- Born: Stephen Michael Wines June 3, 1951 (age 74) Louisville, Kentucky
- Occupation: journalist
- Notable credit(s): The New York Times, Los Angeles Times, National Journal, The Louisville Times, The Lexington Herald
- Spouse: Sharon LaFraniere
- Children: three children

= Michael Wines =

American journalist (born 1951)

Stephen Michael Wines (born June 3, 1951) is an American journalist. He is a national correspondent for The New York Times at present. Wines was previously the Times bureau chief in China, Johannesburg and Moscow.

==Early life and education==
Wines graduated from Pleasure Ridge Park High School in Louisville, Kentucky.
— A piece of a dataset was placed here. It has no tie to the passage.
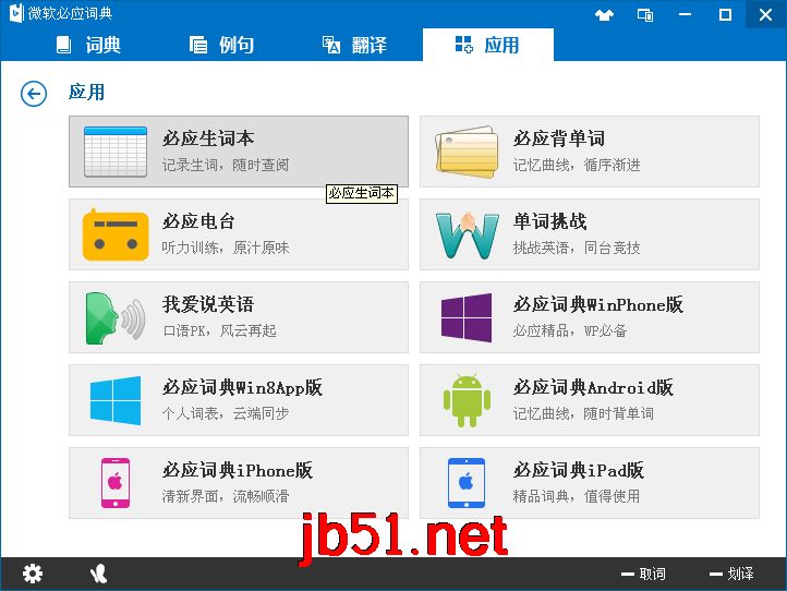 點(diǎn)“應(yīng)用”,我們可以看到必應(yīng)詞典的許多版本,讓必應(yīng)詞典時時刻刻都不離開你

Later, Wines became a 1973 graduate of the University of Kentucky. He received his M.S. degree in journalism from the Columbia University Graduate School of Journalism in 1974.

==Career==
After receiving his M.S. degree, Wines became a general assignment reporter for The Lexington Herald. Wines covered municipal and state government, politics and education for The Louisville Times from 1974 to 1981. He wrote about regulatory affairs and the U.S. Department of Justice for National Journal magazine from 1981 to 1984.

From 1984 to 1988, Wines was a Washington-based correspondent for the Los Angeles Times.

He has been bureau chief at international postings for The New York Times since 2002.

==Personal life==
Wines is married and has three grown children.